Wednesday, March 29, 2017

Far too many days to count

To say I have been doing an appalling job tracking this class is an understatement, and not. I do spend a fair amount of time thinking about the course design, the projects, and the conversations. Students have posed questions of this material that I have not heard before – like is there such a thing as postmodern religion, and how would you know if a piece were designed in a fragmented way or just badly. Great questions. So – my last entry is on the Hassan conversation . The next two classes were dedicated to watching and discussing Monty Python and the Holy Grail. Simply a textbook example of postmodernism with basically everything we have discussed up to this point represented.
We followed this up with presentations of the  “ironic museum” project. This has fairly quickly become one of my favorite assignments. Hard to do too early in the term, but it allows for such variety, such fascinating solutions that I need to consider using it, or a version, in other classes. 25 projects take a while to digest and so on presentation day we just barely were able to do that. I encouraged students to spend a good few minutes with each piece, make notes, and then go back around to visit each one and start to make connections.
Our discussion of the projects started with a review of the terms and ideas we have generated so far. Each student pulled a term out of the bag, and worked with a group to define and provide an example. The intention was sort of a midterm review before spring break. Always a fun project – we will need to do this again before the end of the term. The we talked about what ideas were generated by the projects. A couple of key terms to emerge were: erasure or effacement, implied spectators or incomplete without a spectator, works that offered commentary on themselves, woks that fixed impermanence, mediatization.
We then moved on to a discussion of what constitutes a “good” or “poor” postmodern work. Kind of a meaningless question, but does lead us to address criteria and begin to talk about the authority of things like museums. Its here where I usually try to erode my own authority by asking what gives me the authority to teach and how do they know I have any idea what I am talking about. I love to see doubt creep in at this point. A word or two on how to read Lyotard and then send them off to break.
Returning from break we dug into some Lyotard as a way to get back to the theoretical ideas. Many of the students did a wonderful job unpacking what he had to say – I really was stunned. Not all students, but a good number pulled ideas out that were quite exciting t discuss. This was a good place for this essay – relocated form last time. It allowed us to talk a bit more specifically about modernism and the shift to the postmodern. The notion of the postmodern sublime was defined, by relating to our experience with the projects, as having a certain level of frustration that rewarded deeper thought. One student defined it as first pain and then pleasure.
Next up was me, more or less, lecturing on postmodern architecture. We started that day with Legos – always fun – in which students were instructed in groups to create a representation of “absence.” Four totally unique expressions, that had some similar ideas. More importantly, they used the readymade pieces like doors and windows very much like Ghery and Venturi. I spent quite a bit of time on Ghery’s House as I want to revisit that to discuss The Wooster Group. Many pictures, many buildings, many ideas. Our list of terms and ideas gets longer.
On to La Monte Young and Fluxus – way condensed. I went through an explanation of the Fluxus ideas, looked at a few examples of event scores and then had students create their own. We were able to see a few performed before the day was over. The Young material was really a set up for our conversation about sound, and the event scores were in anticipation of discussing Gertrude Stein’s Dr. Faustus Lights the Lights. I was out of town for Fluxus Day, so we revisited a few more cards when I returned.

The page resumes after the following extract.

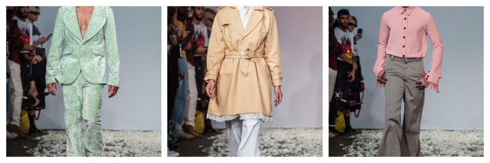 Kenneth Nicholson: parola d’ordine? No gender. Il designer Kenneth Nicholson, dopo aver frequentato l’Accademia d’arte di San Francisco, ha trascorso un anno in marina, un’esperienza che ha radicalmente cambiato la sua visione dell’abbigliamento maschile, portando in passerella abiti ispirati sia alle uniformi militari che ai costumi del 18° secolo. “Storicamente, gli uomini non sono stati limitati solo a una camicia e ai pantaloni. Hanno avuto più opzioni”, ha commentato Nicholson. Il designer ha diviso la sua collezione in tre capitoli. Il primo è caratterizzato da capi declinati nelle diverse tonalità del bianco, colore tramite il quale voler esprimere tristezza e malinconia: camicie in pizzo abbinate a pantaloni a vita alta o maglie in cotone e lino a maniche lunghe impreziosite da dettagli regali. Il secondo capitolo si ispira agli anni ’70 con camicie in denim, trench decorate con bottoni preziosi e pantaloni colorati. Il nero è il colore protagonista dell’ultimo capitolo ed è stato declinato su cappotti, camicie di velluto e pantaloni decorati con dettagli in raso e in pizzo.

The main questions I posed were about where meaning is located in these activities and who has ownership over the final “product.” Mainly this is to spur thought on how to treat a text. That led us to discuss Stein’s play. I gave them some background on her work and we talked a bit about her use of language, her sense of time, and the exploration of the present moment. Dragged them outside to talk about theatre as a landscape – which never fails to amuse me since someone always walks though the frame when I do that adding to the “drama.” The question I posed is what would happen if we treated Stein’s play like a Fluxus event score. Their next project asks them to do just that. All of this is in anticipation of watching the Wooster Group’s deconstruction of the text.